Today, California’s message to the Trump administration is simple: Not here, not now. We will not let the federal government pillage public lands and destroy our treasured coast.
— Governor Jerry Brown, September 8, 2018
The Trump Administration has gone all in with global warming denial and fossil fuels — pulling the US out of the Paris Climate Agreement, increasing subsidies to the coal industry, and removing regulations governing fossil fuel drilling/mining on public lands and offshore waters. In doing so, we believe that the administration grossly misallocates the all-in costs of fossil fuel development and combustion, allowing the fossil fuel industry to collect most of the revenue generated by its activity while sticking society with significant costs in the form of local environmental degradation and global warming.
As long-term global investors, we care that the administration's fossil fuel policies destroy the value of our investments, and mankind's current and future quality of life. We walk the talk by donating 1% of our revenue to non-profit organizations attacking the challenge of global warming via the 1% for the Planet organization, and by voicing our support to positive legislative actions when possible. Last month we did just that by supporting two California state bills (SB 834 and AB 1775) that aim to block new federal offshore oil drilling along California's coast. We are pleased to learn that today California Governor Jerry Brown signed both bills. You can read Governor Brown's full statement here.
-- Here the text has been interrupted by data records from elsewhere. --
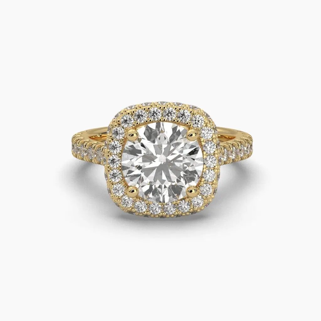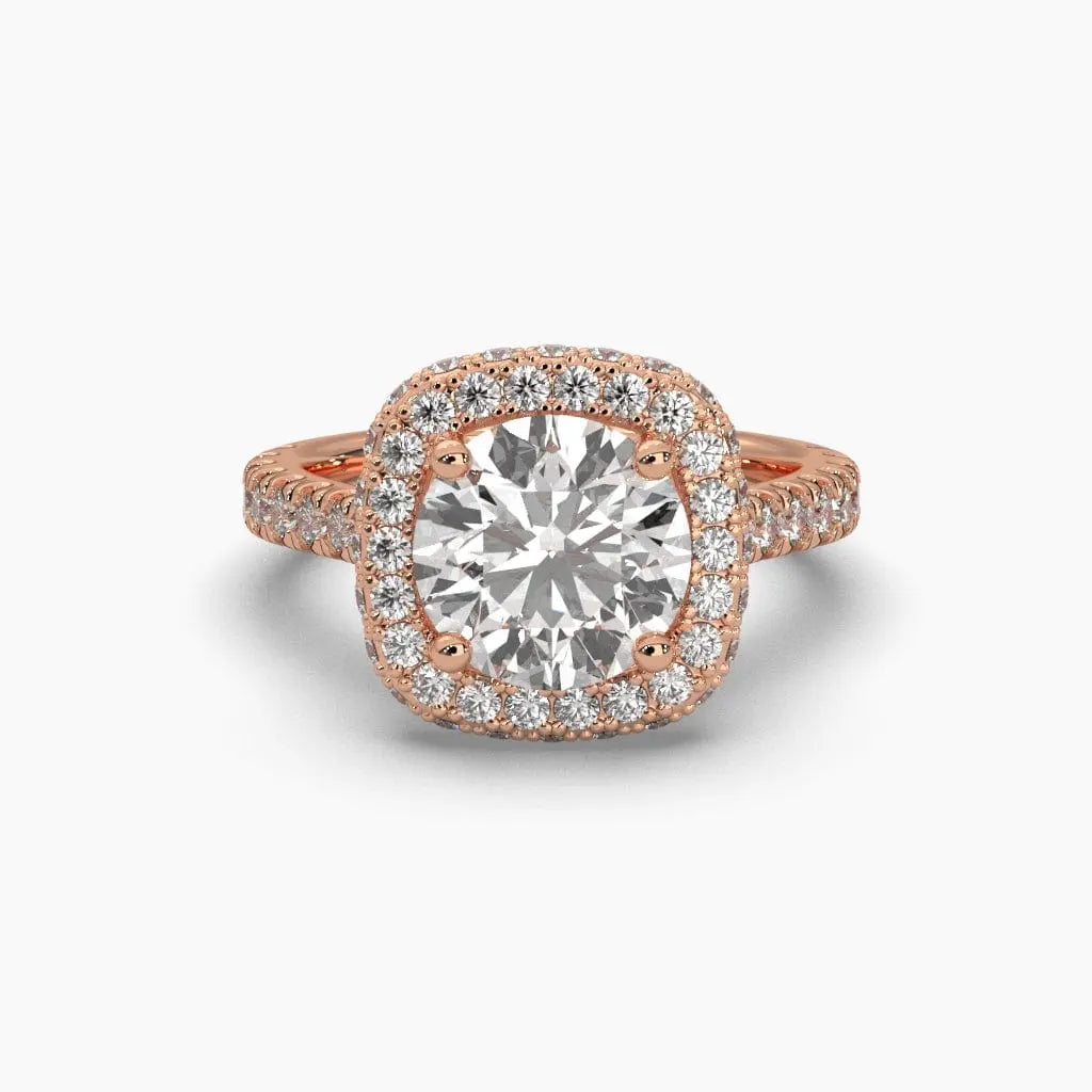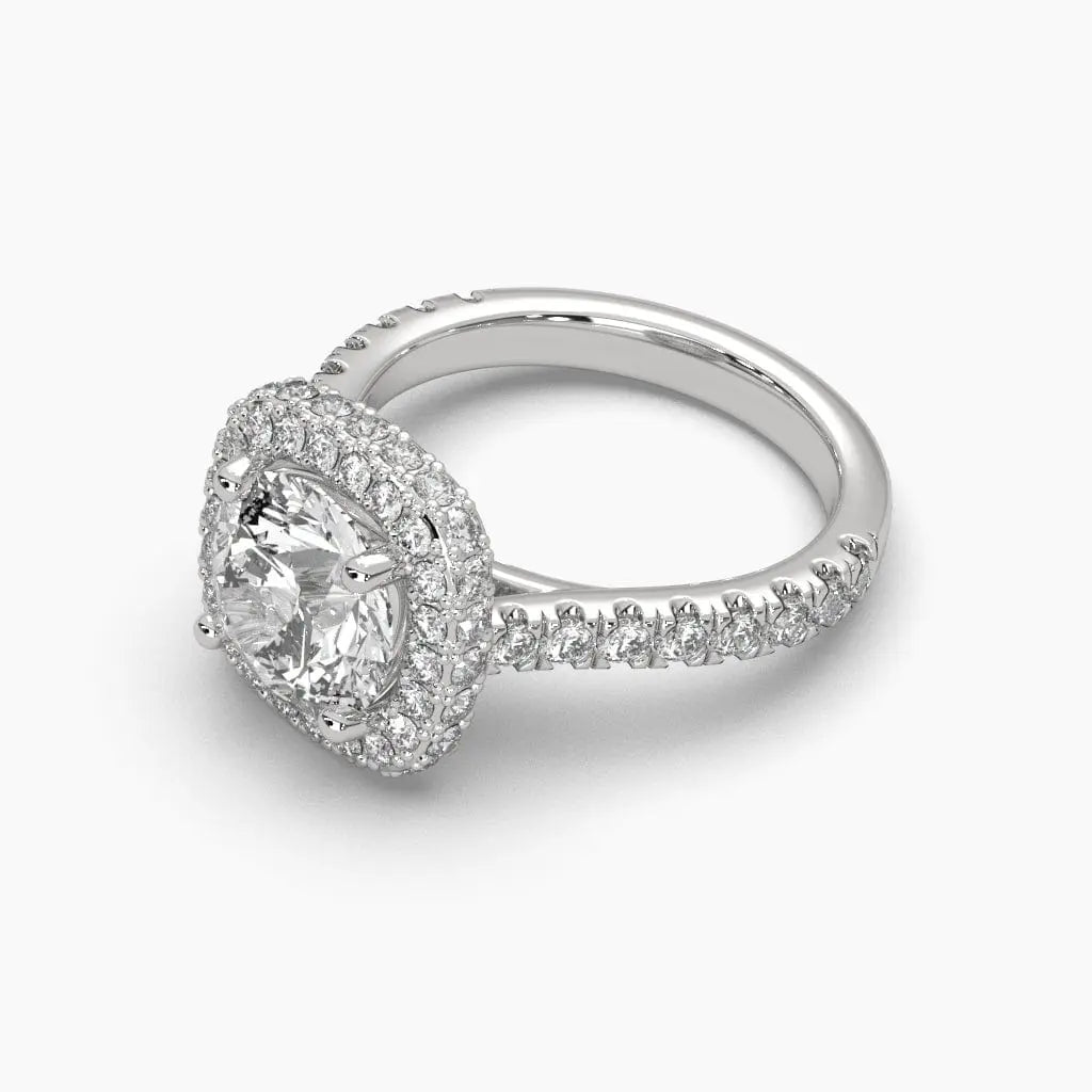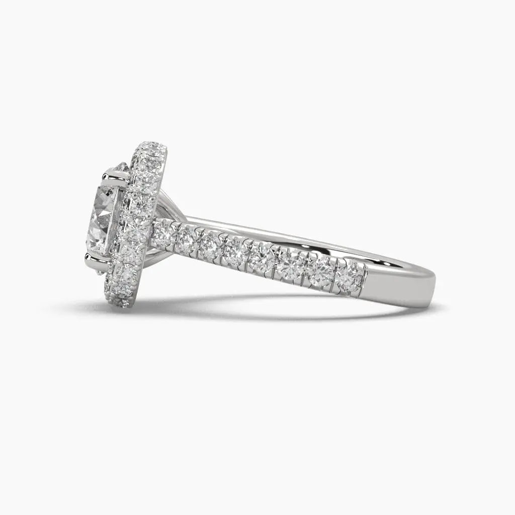 This 2.25 Carat Pavé Band Halo Solitaire Ring showcases a brilliant lab grown diamond, expertly set to maximize sparkle and elegance. The pavé band and halo design create a refined silhouette, perfect for those seeking a sophisticated and ethical choice in fine jewelry. Ideal for celebrating special moments with timeless beauty and conscious craftsmanship.
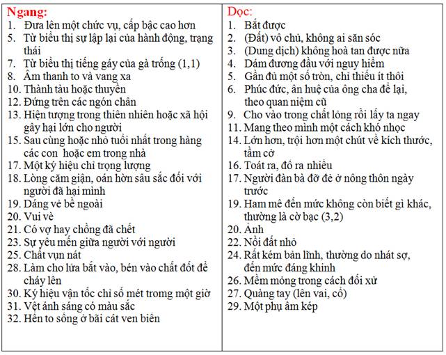 Ô CHỮ KHÔNG DẤU : Quy ước
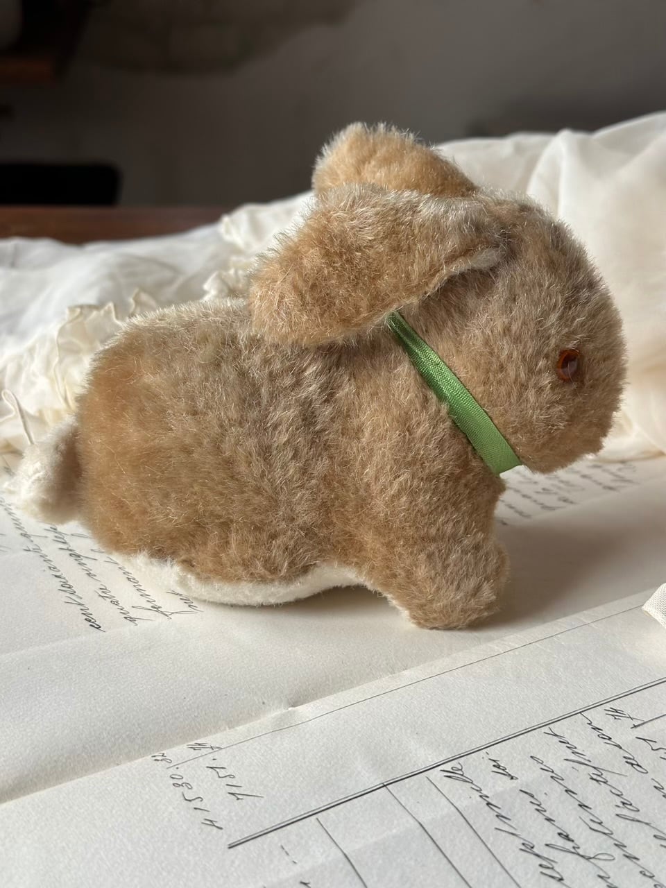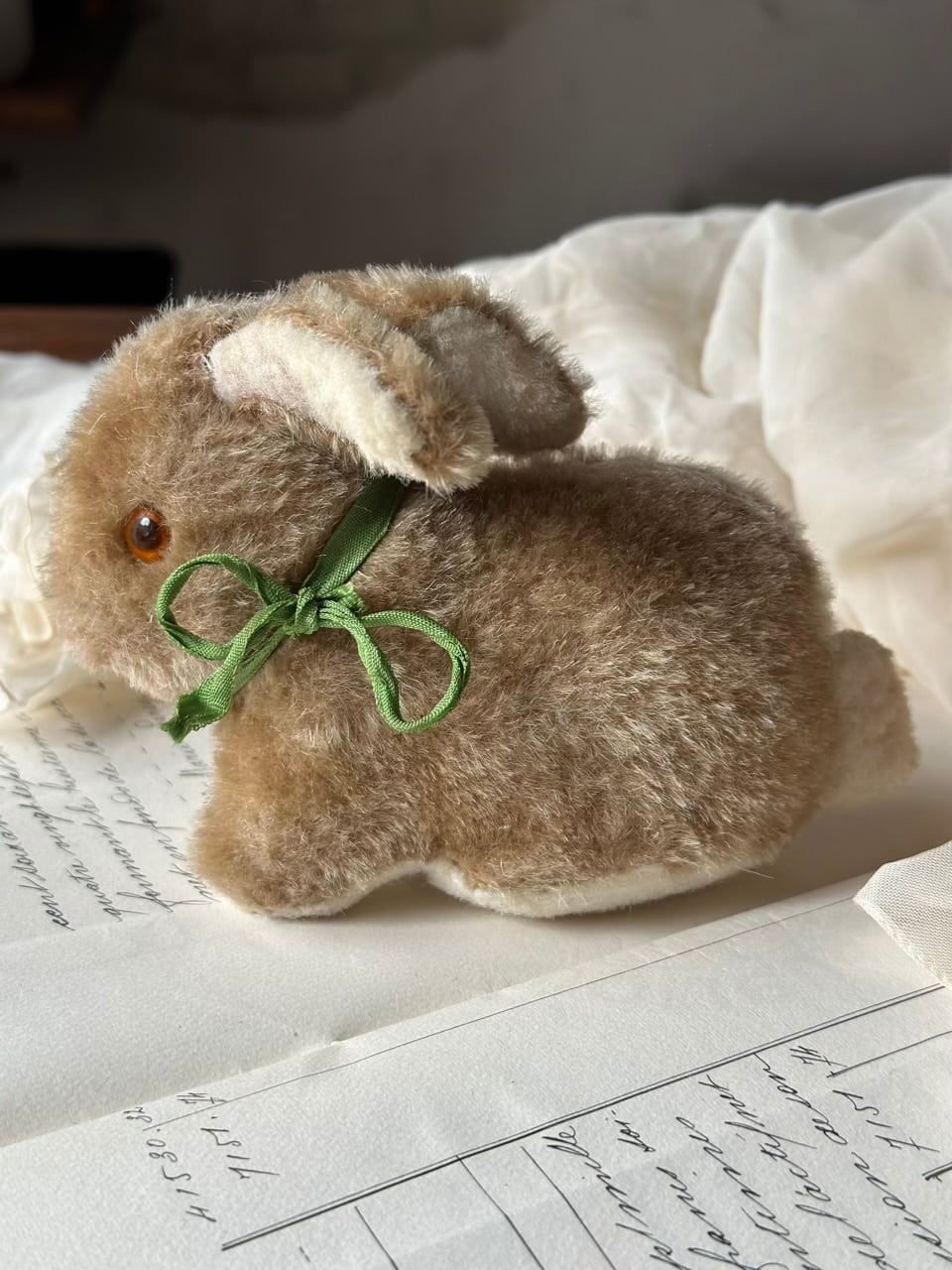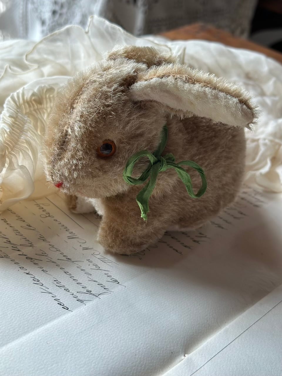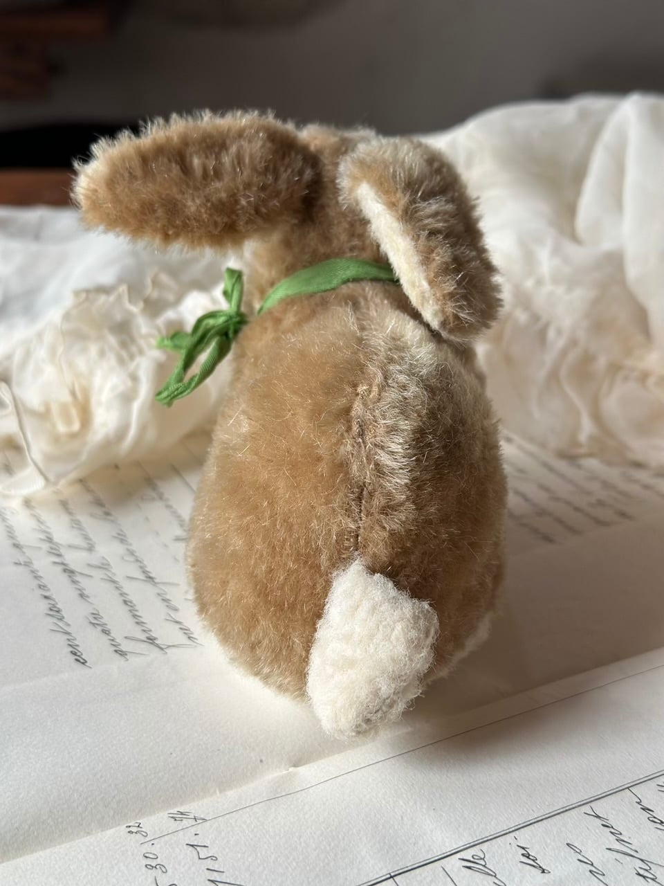 淡いブラウンの柔らかな毛並みに、ちょこんと結ばれたグリーンのリボン。
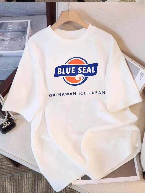 Beyaz Yaz Mavi Mühür Karikatür Baskı Yuvarlak Boyun Sevimli Y2K Stilleri Ra
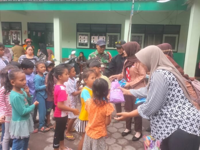 Lumajang — Di tengah suasana pemulihan pasca-erupsi Gunung Semeru, kepedulian terhadap kondisi psikologis anak-anak terus menjadi perhatian utama. Pada Rabu (26/11/2025), Babinsa Supiturang Koramil 0821-14/Pronojiwo, Serda Sigit Andi Irawan, turut membantu para guru dan relawan dalam kegiatan berbagi makanan ringan serta mainan bagi anak-anak yang berada di pengungsian SDN 04 Supiturang.
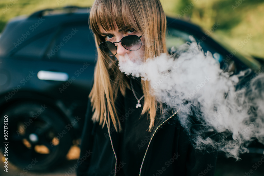 Beautiful young caucasian woman in white jeans, white trainers and black jacket stands near old black car outside and smokes
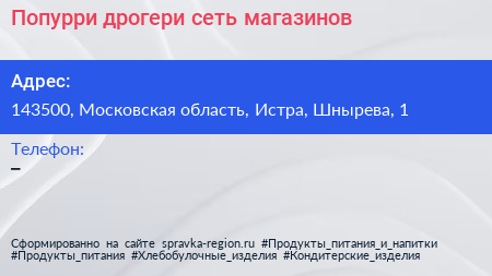 Попурри дрогери, сеть магазинов по адресу 143500, Московская область, Истра, Шнырева, 1 в дальнейшем Организация, размещена в следующих категориях:
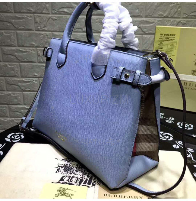 BURBERRY-40494471 버버리 미디엄 슬레이트 블루 가죽 하우스 체크 배너
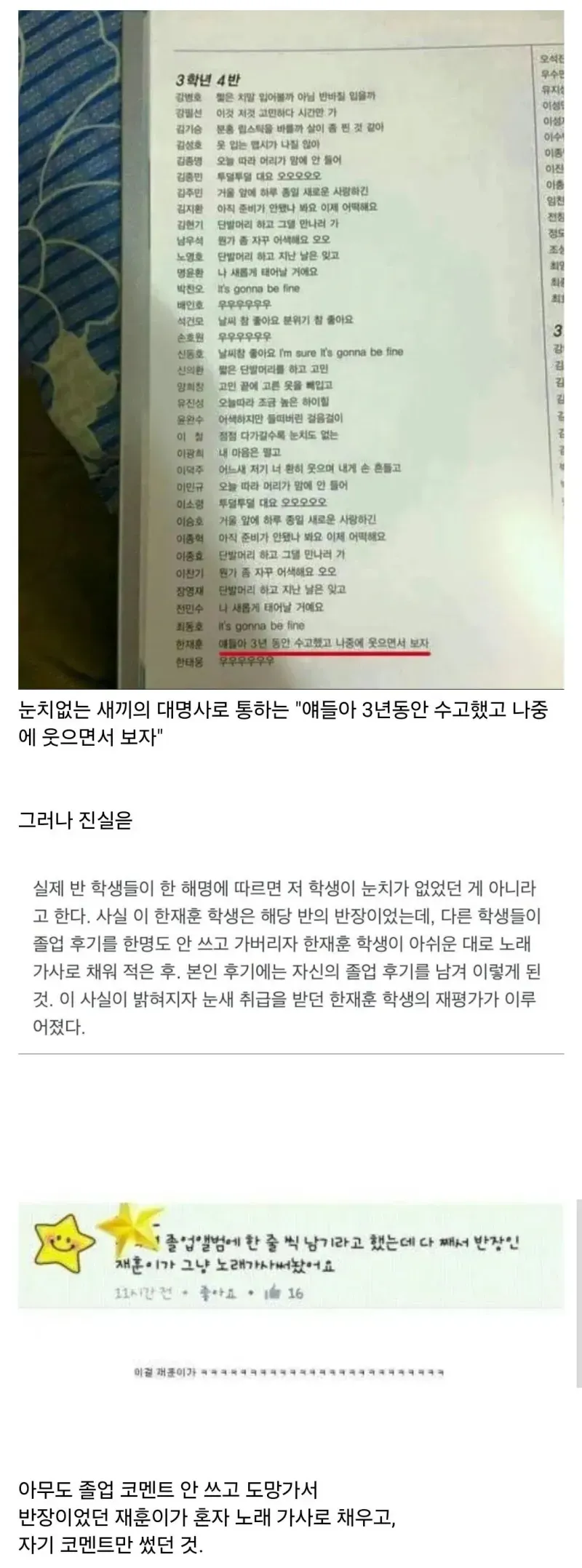 들리는 말로는 졸업앨범의 한 칸이 특정 누구의 의도 아래 채워진 걸로 전해지나봐. 반장 역할을 했던 누군가가 그걸 주도했다는 뉘앙스도 있고, 그래서인지 서로의 시선이 예민해진 느낌이야. 사진이나 후기 글들은 조용히 삼켜지면서 대신 가사로 남겨진 이야기가 사람들 사이를 더 크게 만들고 있지. 증거가 확실치 않다 보니, 누가의 의도였다고 단정하기보다 왜 그런 선택이 만들어졌는지에 대한 추측이 난무하는 상황이야.
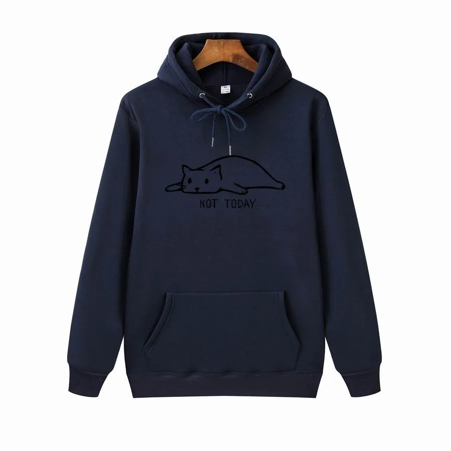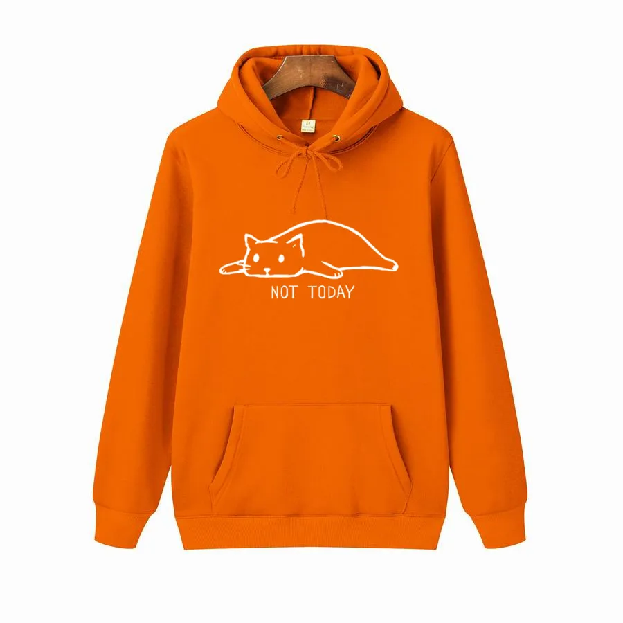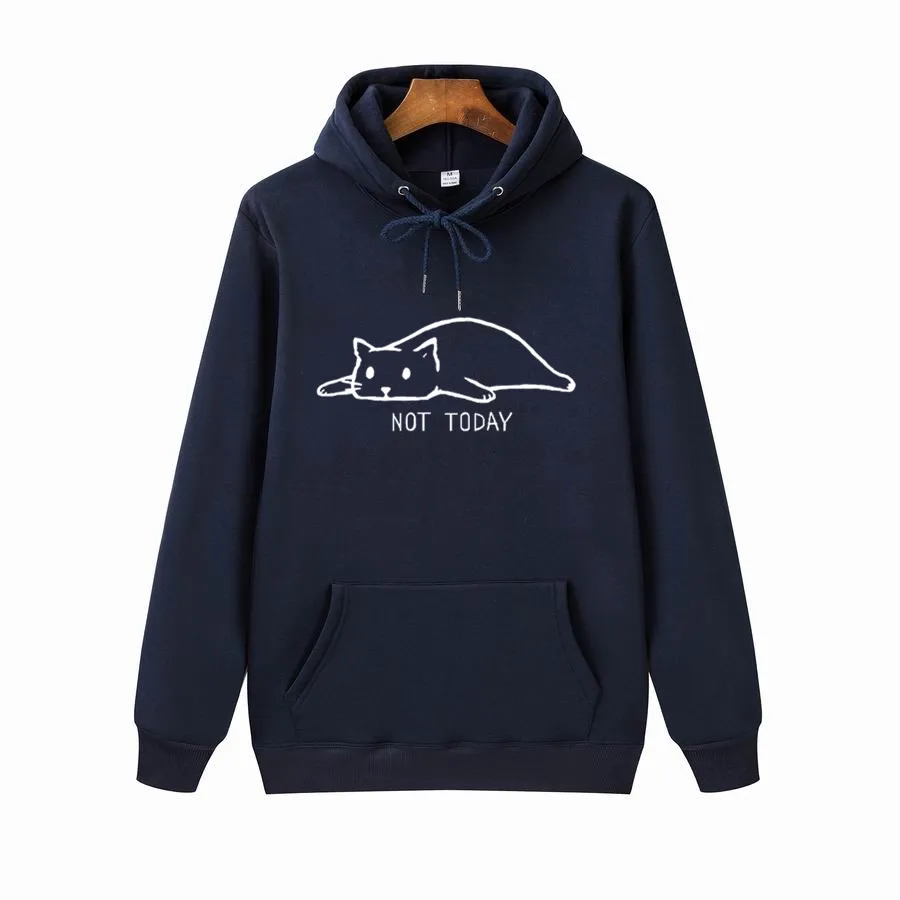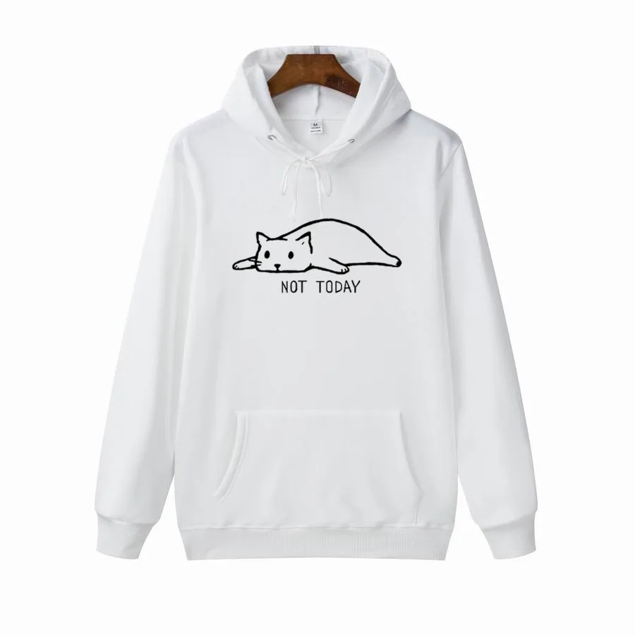 Женская и Мужская бархатная Толстовка Not Today Kawaii Cat Plus, модная повседневная толстовка с длинным рукавом, свитшот с принтом для влюбленных, одежда
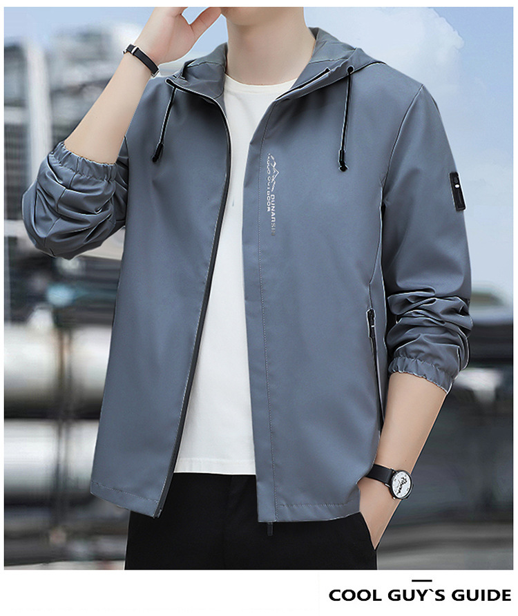 남자 자켓 봄과 가을 2024 새로운 캐주얼 플러스 사이즈 한국 유행 후드 방풍 재킷 남자 탑
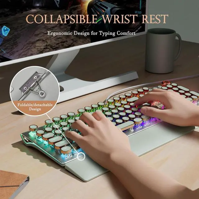 - Shine-through keycaps make typing easy even in low light, and you can swap between vintage and standard keycaps for a personalized typing experience.

On a related note, yesterday Governor Brown, the California Department of Conservation, the California Department of Fish and Wildlife, the California Department of Water Resources, the California Department of Parks and Recreation, the California Air Resources Board, and the State Water Resources Control Board submitted their objections to the Bureau of Land Management's (BLM) proposal to open 1.6 million acres of California public lands and mineral estates in six counties to oil and gas lease sales. The BLM's proposal hits close to home as it includes a 40 acre parcel of my son's high school campus, and an adjacent 80 acre preserve owned by a land conservancy non-profit, for which the BLM claims it owns mineral rights.